Die Bahnhofstraße, nach der diese Redaktion in diesem Zusammenhang gefragt hatte, könnte aus Sicht des ADFC zwischen dem Abzweig Auf der Schlucht und dem Kreisverkehr zur Vinnumer Straße zu einer Fahrradstraße werden. Damit wäre ein kurzer Anschluss an den dort existierenden Fahrradweg Richtung Vinnum und zum Bahnhof Bork gegeben. Die Ludgeristraße sei dagegen kaum geeignet. „Sie ist sehr stark befahren und sehr eng - auch durch die dichte Bebauung“, schätzt die Ortsgruppe die Lage dort ein.

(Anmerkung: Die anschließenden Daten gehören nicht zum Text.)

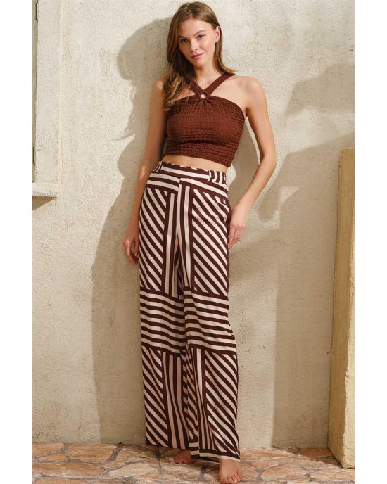 Yaz aylarında hem konfor hem de şıklık arayanlar için tasarlanan bu pijama takımı, modern çizgili deseni ve zarif detaylarıyla öne çıkar. Boyundan bağlamalı üst tasarım feminen bir duruş sunarken, ince ip detayları takıma hareketli ve şık bir görünüm kazandırır. Uzun pijama altı rahat kesimi sayesinde gün boyu konfor sağlar. Hafif ve nefes alabilen kumaşı ile yazlık kullanım için ideal bir tercihtir.

Derzeit keine konkreten Pläne
Gibt es seitens der Stadt bereits Pläne, die Zahl der Fahrradstraßen in Selm zu erhöhen? Dazu erklärt Pressesprecher Malte Woesmann auf Anfrage der Redaktion: „Grundsätzlich bestehen Überlegungen, das Netz aus Fahrradstraßen weiter auszuweiten. Dies muss allerdings gesamtstädtisch betrachtet werden. Die Fahrradstraßen müssen in ein Radverkehrsnetz eingebunden werden. Das aufgestellte Mobilitätskonzept gibt diesbezüglich erste Vorschläge.“ Konkrete Pläne gibt es aber offensichtlich nicht. Zur Bahnhofstraße und Ludgeristraße als mögliche Kandidaten für weitere Fahrradstraßen erklärt die Stadt: „Eine dieser Vorgaben für neu zu errichtende Fahrradstraßen ist zum Beispiel, dass der Radverkehr die vorherrschende Verkehrsart ist. Der Kfz-Verkehr soll nur ausnahmsweise dort zugelassen werden.“
Während bei den bestehenden Fahrradstraßen im Stadtgebiet zwar ebenfalls Autoverkehr zugelassen, aber durch die angrenzenden Schulen starker Radverkehr zu verzeichnen ist, sei dies so auf die Bahnhofstraße und Ludgeristraße nicht zu übertragen. Deswegen sind diese Straßen derzeit offensichtlich keine Kandidaten. Ein weiteres Kriterium für die Errichtung einer Fahrradstraße: Den Radlern muss es möglich sein, komfortabel nebeneinander zu fahren, damit sollten auf der Straße weder Autos parken und halten noch Busse regelmäßig unterwegs sein. „Sobald die Thematik konkreter betrachtet wird, wird selbstverständlich, wie in der Vergangenheit auch, der ADFC Selm involviert“, kündigt Malte Woesmann an. Das scheint aktuell aber noch nicht der Fall zu sein.